LONDON — L.K. Bennett is on an aggressive international growth drive, and is focusing in particular on the U.S. market.

This story first appeared in the February 13, 2012 issue of WWD. Subscribe Today.

The British accessories and ready-to-wear brand that began life as a footwear retailer will open its first New York flagship on April 1 at The Shops at Columbus Circle in the Time Warner Center.

The 2,100-square-foot store, which will be located on the second floor of the building, is the brand’s fifth stand-alone unit in the U.S., following openings in Chicago, Atlanta, Houston and Hackensack, N.J., in 2011. There are 10 more stores planned in major cities across the U.S. over the next three years.

The brand also sells through seven Bloomingdale’s locations, and for the spring season will roll out to 18 Nordstrom stores.

To further its ambitions in the U.S., the company has opened offices and a showroom space on the corner of 57th Street and Madison Avenue, not far from the Coach flagship.

“It’s our moment, and we are doing well,” said Robert Bensoussan, executive chairman and chief executive, during an interview at the company’s townhouse headquarters near Oxford Circus here. He said L.K. Bennett has positioned itself as somewhere between a high street and a luxury brand.

“It’s accessible luxury: We’re delivering the right product at a reasonable price, and the brand remains aspirational for a lot of people who see it as a stylish investment.”

The average price point of the shoes is 170 pounds, or $269 at current exchange, while the average one for a bag is 325 pounds, or $514. Prices, Bensoussan said, are about 20 percent higher in the U.S.

He also has ambitions outside the U.S.: This year the brand will open eight concessions at Printemps and seven at Galeries Lafayette. Four concessions are planned for El Corte Inglés in Spain and another four are set for de Bijenkorf, the Dutch department store.
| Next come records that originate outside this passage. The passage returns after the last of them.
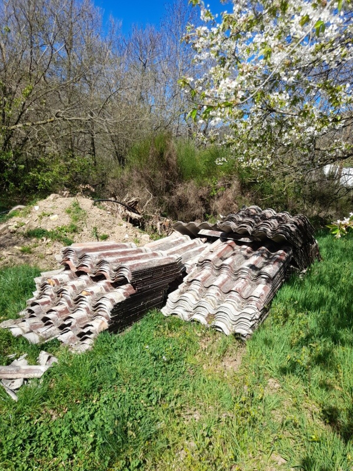 Dépôt sauvage d'une centaine plaques d'amiantes sur un terrain communal à proximité d'un aire de repos - Environ 3m3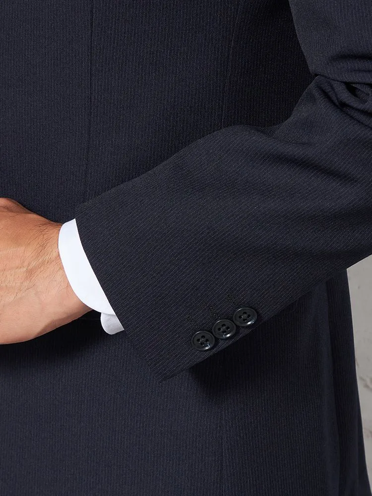 【即納】スーツ 2つボタン【WEB限定】4WAYストレッチ ストライプ ネイビー 通年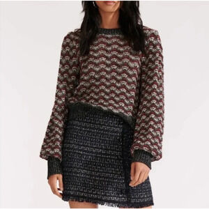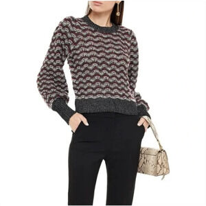 Veronica Beard Ruth Crew Neck Sweater XS Alpaca Red Pink Gray Silver Academia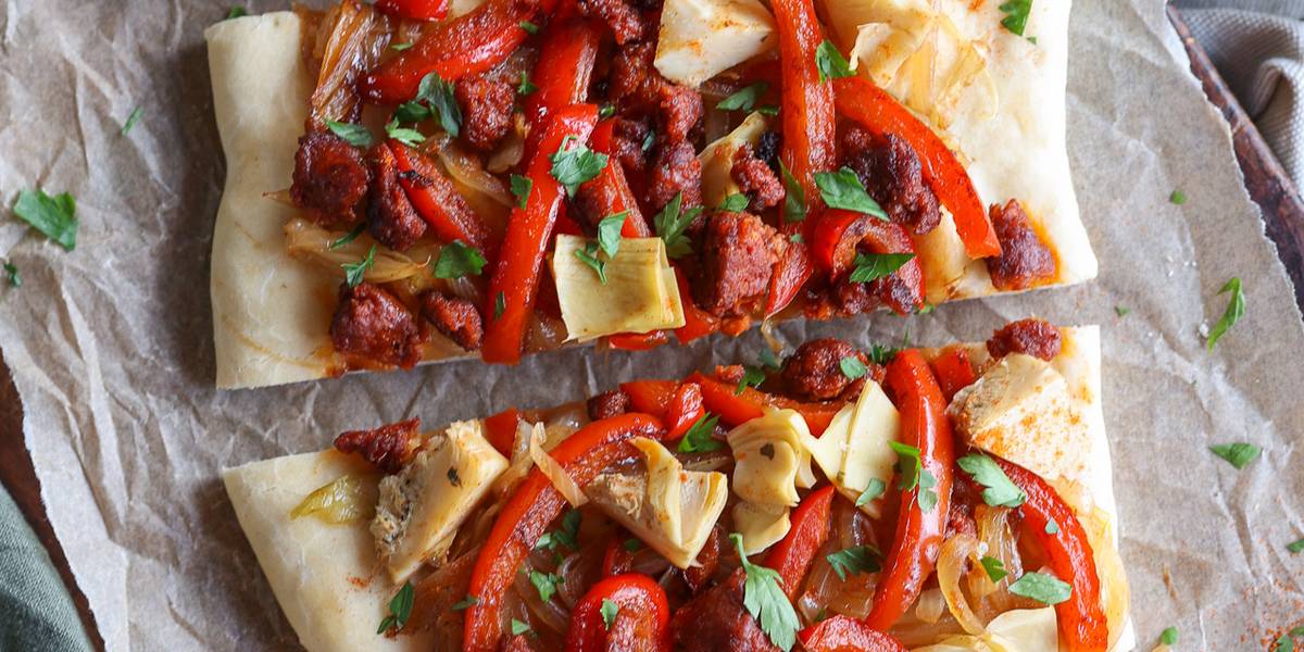 Coca de Recapte, is a traditional dish from Catalonia, a region in northeastern Spain. The name “Coca de Recapte” translates to “collection cake” or “harvest cake”, referring to its origins as a way to use up various ingredients from the pantry or garden. Ours is loaded with vibrant bell peppers, savoury vegan sausage, and tender artichoke hearts.

Franchises will also open in Dubai, Qatar, Kuwait, Abu Dhabi, Lebanon and Kuala Lumpur later this year.

When Bensoussan bought L.K. Bennett in 2008 with Phoenix Equity Partners, 100 percent of the company’s sales came from the U.K. Today, about 15 percent of sales come from international markets, and Bensoussan said he expects that figure to grow to 40 percent in the next three to four years through a combination of directly operated stores, franchises, and wholesale accounts.
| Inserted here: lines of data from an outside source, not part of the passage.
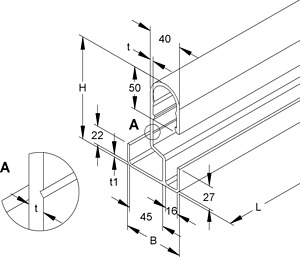 GFK-Handlaufprofil, pultrudiert, mit zwei integrierten Kabelkanälen, zur getrennten Verlegung von Stark- und Schwachstromkabel, halogenfrei.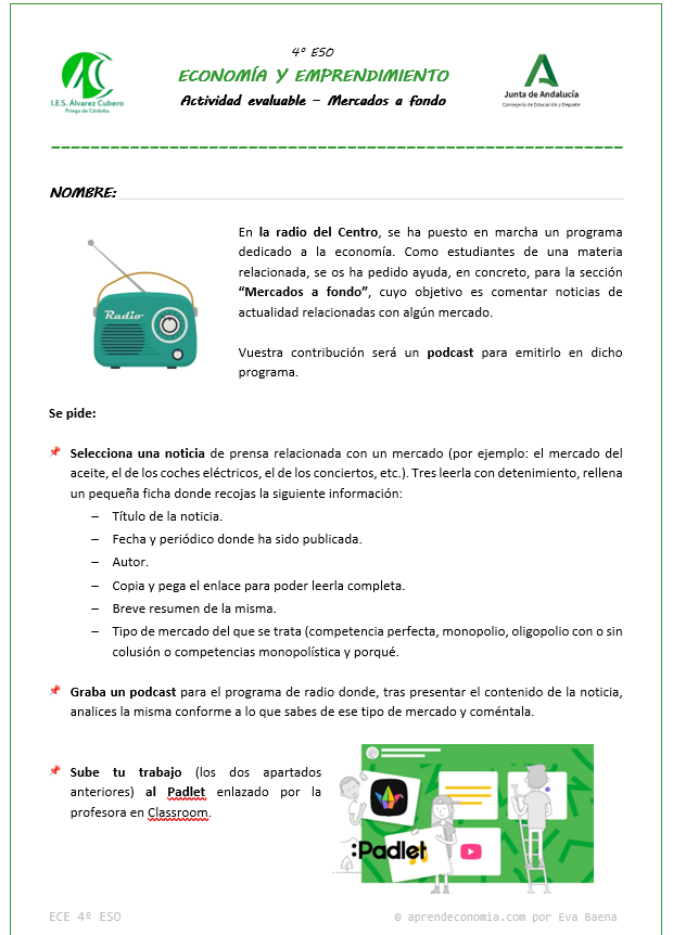| 4. Los mercados | Podcast “Mercados a fondo” | Tras seleccionar las noticias económicas de actualidad relacionadas con algún mercado, analizarlas y resumirlas, se grabarán podcast para emitirlos en la radio del Centro. |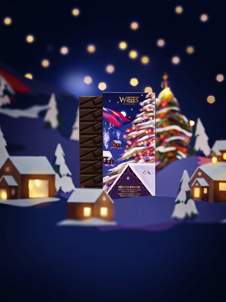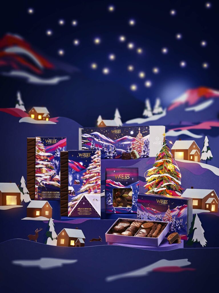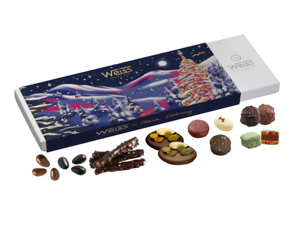 La collection de chocolaterie Weiss est exceptionnelle : raffinement, illustration, packaging, recettes uniques … Weiss propose une collection haut de gamme avec un univers qui invite toujours au rêve et à la poésie.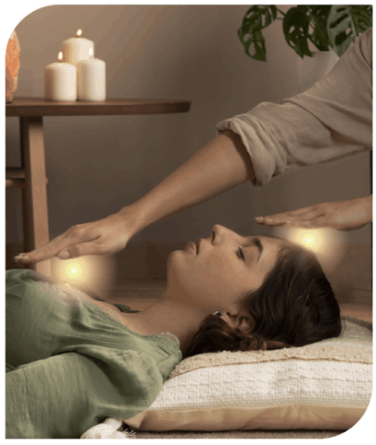 La séance se déroule dans un environnement calme et mon praticien appose ses mains sur différentes parties de votre corps.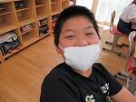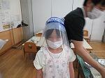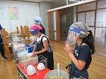 給食は白衣ではなく各自でエプロンを準備しています。配膳の際には、フェイスガードをつけて配膳をしています。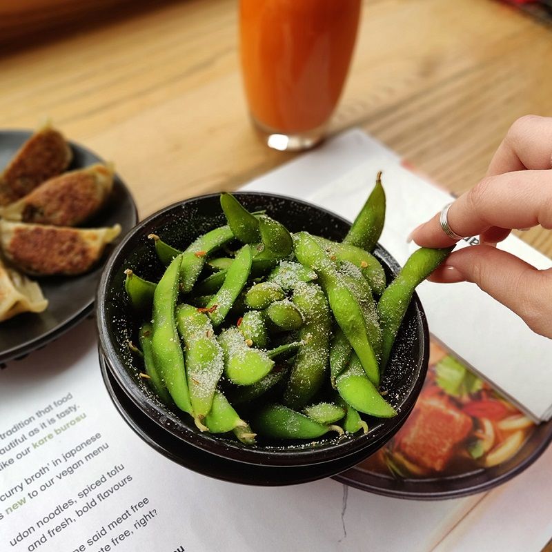 Στην τελευταία μας επίσκεψη στο εστιατόριο της Κηφισιάς, ένα βράδυ Πέμπτης μετά το γραφείο, συναντήσαμε μία ευχάριστη έκπληξη στο μενού, διαπιστώνοντας ότι έχουν προστεθεί νέα vegan πιάτα. Αντί λοιπόν για τις συνηθισμένες μας επιλογές σε sushi και curry με κοτόπουλο, βάλαμε στο τραπέζι μας τόφου. Μοναδική και αδιαπραγμάτευτη σταθερά μας, τα edamame στην αρχή, τα οποία μας κάνουν την καλύτερη παρέα όσο περιμένουμε να ετοιμαστεί το φαγητό μας.

L.K. Bennett has also made new hires to ramp-up its international expansion: Paul-Henri Cecillon was named group commercial director, while Brett Johnson became group retail director. Both are newly created positions.

Cecillon, a former manager at the French fashion brand Sinequanone and at Habitat, will build the retail and wholesale businesses in the U.K. and internationally. Johnson, who reports to Cecillon, will be responsible for retail both in the U.K. and internationally. He was previously at AllSaints, where he was retail director for the U.K. and Europe.
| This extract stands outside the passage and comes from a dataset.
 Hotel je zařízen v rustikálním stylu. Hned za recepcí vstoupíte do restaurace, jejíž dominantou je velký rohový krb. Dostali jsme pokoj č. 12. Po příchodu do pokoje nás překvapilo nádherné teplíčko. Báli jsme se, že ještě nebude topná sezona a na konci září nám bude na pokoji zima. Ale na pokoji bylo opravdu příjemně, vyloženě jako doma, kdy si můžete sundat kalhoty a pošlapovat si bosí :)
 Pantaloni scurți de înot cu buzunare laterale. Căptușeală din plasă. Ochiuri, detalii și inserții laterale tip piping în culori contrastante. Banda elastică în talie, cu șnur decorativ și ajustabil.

Bensoussan is aiming to hit sales of 100 million pounds, or $158 million, in revenue this year, up from the current 80 million pounds, or $126 million. Footwear and bags make up about 60 percent of the business, while rtw generates the remaining 40 percent.

For spring, L.K. Bennett plans to launch Black Ribbon, a capsule collection of rtw made with luxury fabrics. It will sell at Harvey Nichols, Bloomingdale’s New York and about 10 L.K. Bennett shops worldwide. Bensoussan said the new collection is 30 to 40 percent more expensive than what is in store now, and that L.K. Bennett created the collection at the request of its customers.

Bensoussan, a veteran fashion and luxury investor, was the first to spot the potential in the Jimmy Choo business back in 2001. He purchased that company through a private equity vehicle for 20 million pounds, or $31.6 million at current exchange. Last year Jimmy Choo was sold to Labelux in a deal estimated at 549 million pounds, or $867.4 million.

Asked about the similarities between the two businesses, and whether his approach to building brands had changed, Bensoussan said: “Jimmy Choo was a small wholesale company that turned into a retailer, and then moved into new product categories like bags. And we kept everything very exclusive. L.K. is a different world. It was a pure retailer, and we’re building a wholesale business. Right now just 5 to 6 percent of the business is wholesale, but it’s going to grow massively for us. Also, we’re playing on three major product categories —shoes, bags and rtw — and creating a balance between design, quality and price,” he said.

Going forward, Bensoussan said there is a major opportunity with the online business — the online store’s revenues are triple those of its biggest flagship — and there are plans to launch a U.S. Web site in the next 18 to 24 months.

As for the challenges of doing business today, Bensoussan said they’re no different from what his competitors are facing.

“The market is difficult, and people are cautious about their spending. The cake isn’t getting any bigger, so we need to take business from other people. But it’s fine — it just forces everyone to be lean and mean.”